The recall applies to ground beef, as well as some burger patties and sirloin trimmings, which were packaged between July 26 and September 7, and distributed to retailers and institutions in 16 states: Arizona, California, Connecticut, Colorado, Florida, Georgia, Kansas, Illinois, Louisiana, Ohio, Oregon, New Mexico, New York, Texas, Virginia, and Wisconsin.
You can see the labels of the recalled products here, and the complete list of product names—a technical document that appears intended for retailers—including the brand, packaging date, and distribution area, on a 15-page list here. The products subject to recall should read “Est. 267” on the USDA mark of inspection.
According to the recall list, the at-risk products are available under a variety of JBS brand names, including Cedar River Farms, Gourmet Burger, Showcase, JBS generic, and Grass-Run Farms, JBS’s new brand of 100 percent grass-fed beef sourced from American producers. While USDA has not yet released the names of retailers that sold this at-risk beef, the recall list indicates that plenty of it was sold as private label beef at Walmart.
Salmonella outbreaks in beef are relatively rare, compared to poultry meat. According to FSIS, salmonella was only detected in 3.7 percent of ground beef tested at large plants like JBS’s between 1998 and 2013. That’s compared to 4.2 percent of turkeys, 7.9 percent of broilers, 21.2 percent of ground turkey meat and 26.2 percent of ground chicken tested.

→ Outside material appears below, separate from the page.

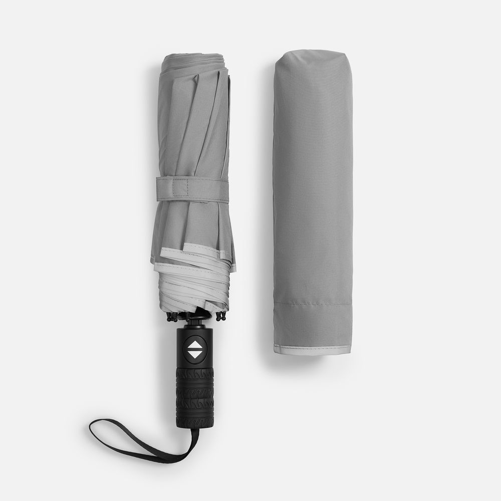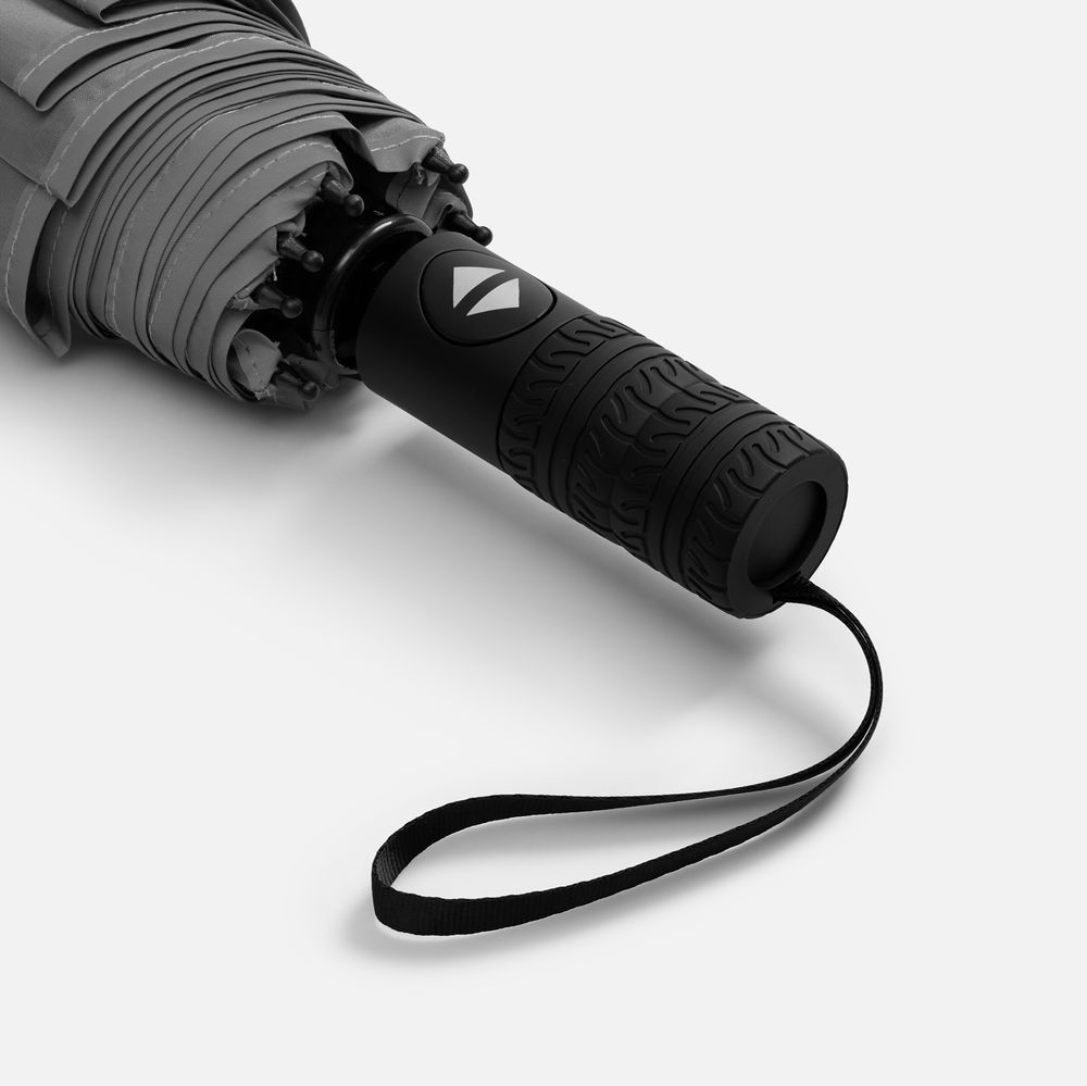 Стильный прочный зонт Tyre не боится ржавчины и нагрузок благодаря каркасу из стекловолокна. Светоотражающий кант делает этот зонт незаменимым спутником в темное время суток, а тактильный рисунок протектора шины на ручке превращает его в продуманный подарок для всех автолюбителей и партнеров этой сферы.

That difference may be attributable, in part, to the fact that the skin is removed from cattle before they’re processed. Cattle can carry salmonella bacteria on their hides, so removing the skin helps eliminate a potential vector of disease. But chicken meat is sold, and further processed, with the animal’s skin still intact. It’s not yet known how the meat processed at JBS’s Tolleson plant became contaminated.
How was the source identified? FSIS was first notified of a salmonella outbreak on September 5. Two weeks later, on September 19, the agency received the first receipt linking a purchase to a patient infection. That allowed the agency to begin tracing back to JBS as the common supplier of the tainted products.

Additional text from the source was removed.